Recycled steel can scrap is a proven iron foundry charge.
One man's trash is another man's charge material. OK, so it's not as catchy as the original adage, but it's nonetheless true-particularly in the case of the 1.5 million tons of steel cans discarded each year by private consumers and businesses that end up as industrial raw materials. Soup, vegetable and other food containers, along with pet food, paint and aerosol steel cans, make the journey from the curbside recycling bin to the steel mill all the time. However, more and more of those cans are being diverted from that journey, landing at iron foundries around America.
As the recycling push in the U.S. has intensified, new materials have headed for the scrap yards, opening up opportunities for alternative foundry charges. That is fortunate for foundries, as the proliferation of scrap-consuming steel minimills has in recent years greatly impacted the price and availability of conventional steel scrap. Since pioneering research in 1991, several large iron foundries, and probably an unknown number of other, have been adding quantities of post-consumer steel cans as a significant part of their charge material. Steel cans have proven to be a reliable, beneficial and, above all, cost-effective steel charge for iron melters.
Considering the nature of scrap, coming as it does from from various sources and various uses, steel cans provide a priceless quality: metallurgical predictability. They are uniformly made from high-grade steel and carry the added attraction of having generally less rust than other steel scrap.

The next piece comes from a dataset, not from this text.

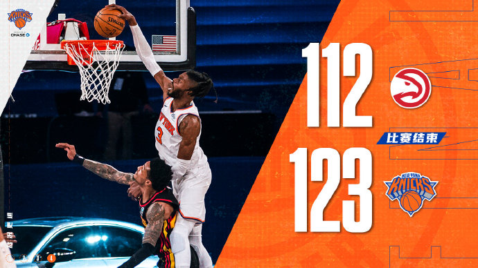 NBA常规赛,尼克斯今日坐镇主场迎战老鹰,前者2连胜暂列东部第七,后者则是一波三连败排在东部第十位。首节比赛尼克斯手感火热,在进攻端一直压制着老鹰,兰德尔首节飙进3记3分个人单节拿到17分帮助尼克斯建立起11分优势。次节双方运动战进球较少,进攻端老鹰找回感觉,特雷杨带领老鹰在进攻端不断突破内线造犯规并且开始投进3分将分差缩小到3分。第三节上来老鹰进攻火力不减打出一波7-0将比分反超,尼克斯其他人状态不佳依靠兰德尔一人苦苦支撑,老鹰突然哑火尼克斯找回状态,将比分再度反超,第三节结束尼克斯继续保持5分领先。末节之争,双方上来就展开对攻,分差一直维持在2分左右,第四节后半段兰德尔开始发挥篮下强打弧顶三分样样精通,帮助尼克斯保持着5分的领先,最后老鹰追分未果,吞下四连败。

According to Carl Loper, Jr., material science and engineering professor at the Univ. of Wisconsin-Madison, who orchestrated the early studies into steel can scrap's charge viability, the metallurgical implications of adding the tin-containing steel cans to the iron foundry melt were not harmful, and even proved beneficial. "For gray iron, tinned steel can scrap has worked out well, particularly in cupola melting," he said. "The levels of tin have had no detrimental effect when using the cans as up to 15% of the charge.
"Can scrap also seems to do well for ductile iron. You probably can't use as much of it as in gray iron-anything above 0.3% may cause trouble with annealing. Also, ductile iron metal-casters seem to be more reluctant than others to use it; they tend to stick with a more pure charge source."
The can scrap also improves mechanical properties of cast irons, including tensile strength, hardness and wear resistance. But while the steel cans themselves are a benign addition, they sometimes bring with them contaminants in the form of plastics and, particularly, aluminum cans.
"For the most part," Loper said, "aluminum content in the form of contaminants is not really a problem in cupola melting because the aluminum enters the slag and is removed with it. With electric melting, however, the aluminum may build to high levels. But even those foundries that have seen that happen in testing did not really have the pinholing problems that aluminum causes in iron castings."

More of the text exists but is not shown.